That said, I actually think some of this is unfair, and I hope it doesn’t distract from the actual work that was done. Lead author Jonathan Karr and the folks from JCVI and Stanford have accomplished some important and necessary work. Modeling various features of whole cell activities, and developing suitable software to assess, test, predict, and visualize these aspects is going to be hugely important as we continue to move beyond the important–but largely represented as linear–genome sequence data. There have been some pathway and modeling tools that I have explored in the past and are also nice directions. (My previous favorite was CellDesigner, and I know PathCase has modeling tools, but there have been a lot of others as well–but these have been aimed mostly at individual pathways and processes, subsets of whole cells.)
But this new paper goes further and loads their software with a number of cellular processes that you can then run and visualize.
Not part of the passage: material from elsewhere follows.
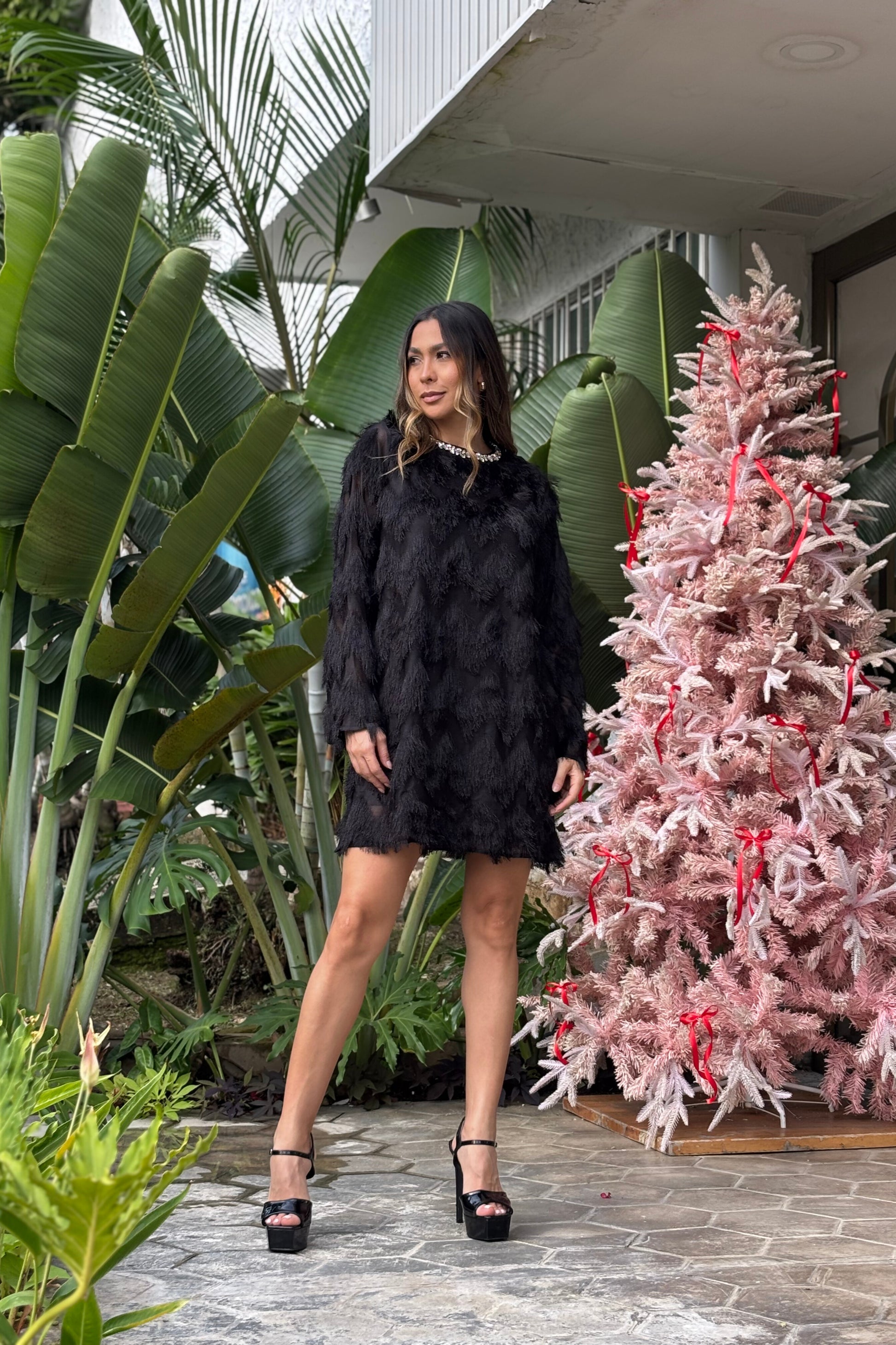 Sofisticado, moderno y lleno de textura: este vestido corto negro es la opción perfecta para destacar con estilo en cualquier ocasión especial. Su diseño presenta un acabado de flecos suaves en todo el tejido, creando un efecto voluminoso y llamativo sin perder la elegancia. Con mangas largas, cuello redondo y una silueta relajada, es una prenda chic que combina comodidad y glamour. Ideal para noches festivas, eventos formales o looks donde quieras lucir diferente y con mucha personalidad.

An accompanying commentary paper describes it as:
It is in this spirit that the authors have produced a first-draft framework for asking and answering systems-level questions by using quantitative cell-scale models.
For this tip I’ll show you one of the movies they generate with this software, and direct you to the project pages for more details and access to the software and data sets. And you can set up and run your own simulations–but that’s beyond the scope of my usual tips, so you’ll have to explore that yourself.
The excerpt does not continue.